» TASK REQUIREMENTS: Without changing a word, copy every line of the listing below and leave out the images.

--- DATA BELOW Enclosed Below ---

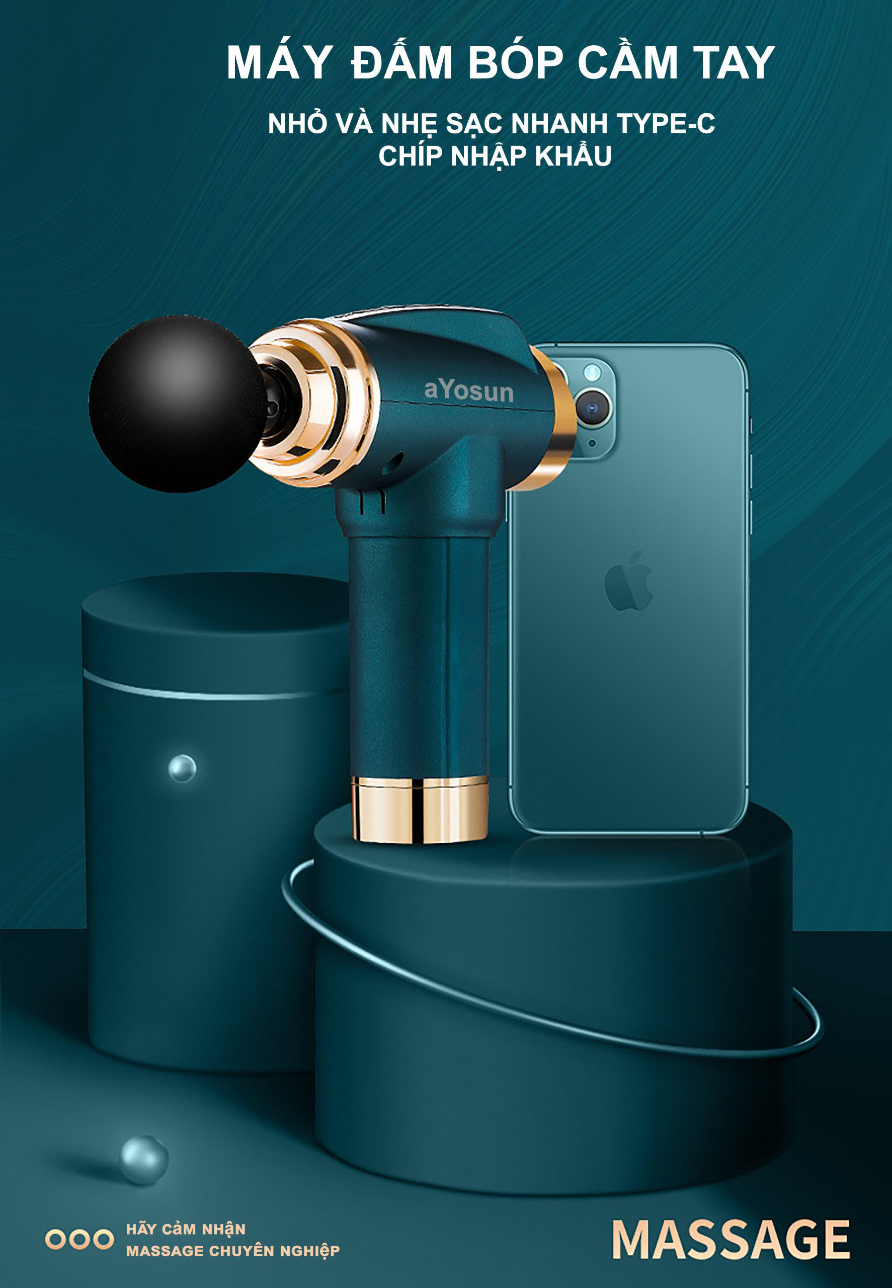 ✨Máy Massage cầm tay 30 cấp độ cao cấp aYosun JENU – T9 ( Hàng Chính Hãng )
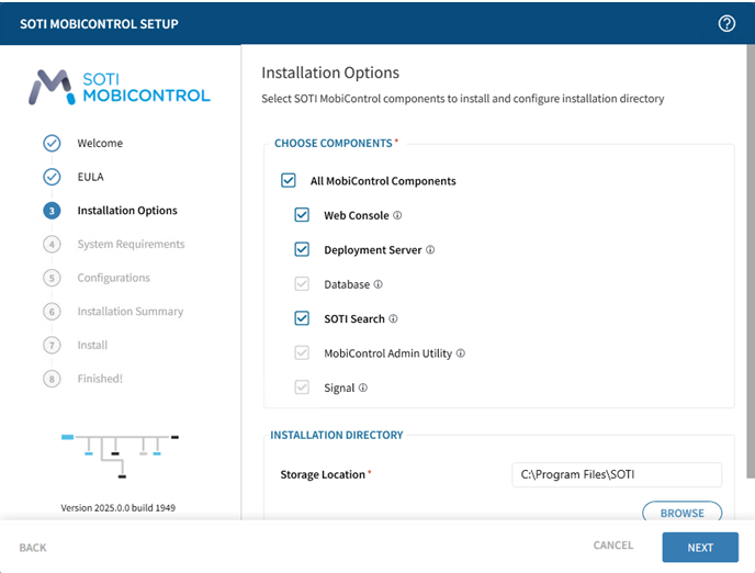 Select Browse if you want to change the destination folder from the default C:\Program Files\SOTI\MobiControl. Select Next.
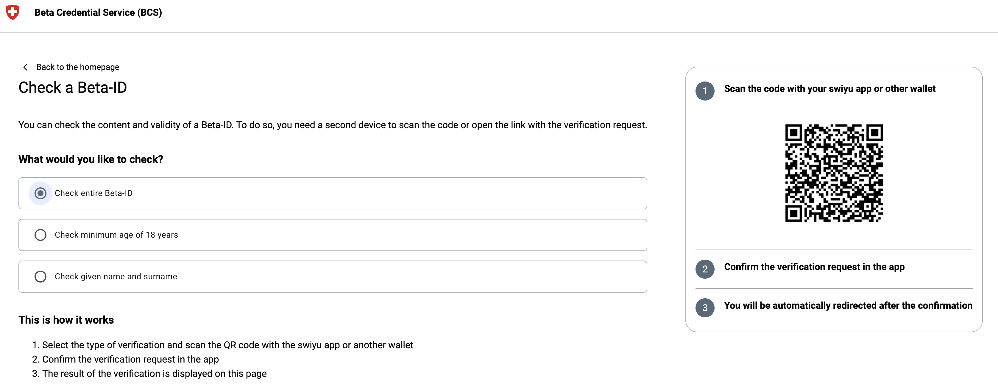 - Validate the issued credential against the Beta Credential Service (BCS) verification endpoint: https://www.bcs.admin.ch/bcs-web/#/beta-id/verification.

--- End of Enclosed DATA BELOW ---

» YOUR RESPONSE:
 ✨Máy Massage cầm tay 30 cấp độ cao cấp aYosun JENU – T9 ( Hàng Chính Hãng )
 Select Browse if you want to change the destination folder from the default C:\Program Files\SOTI\MobiControl. Select Next.
 - Validate the issued credential against the Beta Credential Service (BCS) verification endpoint: https://www.bcs.admin.ch/bcs-web/#/beta-id/verification.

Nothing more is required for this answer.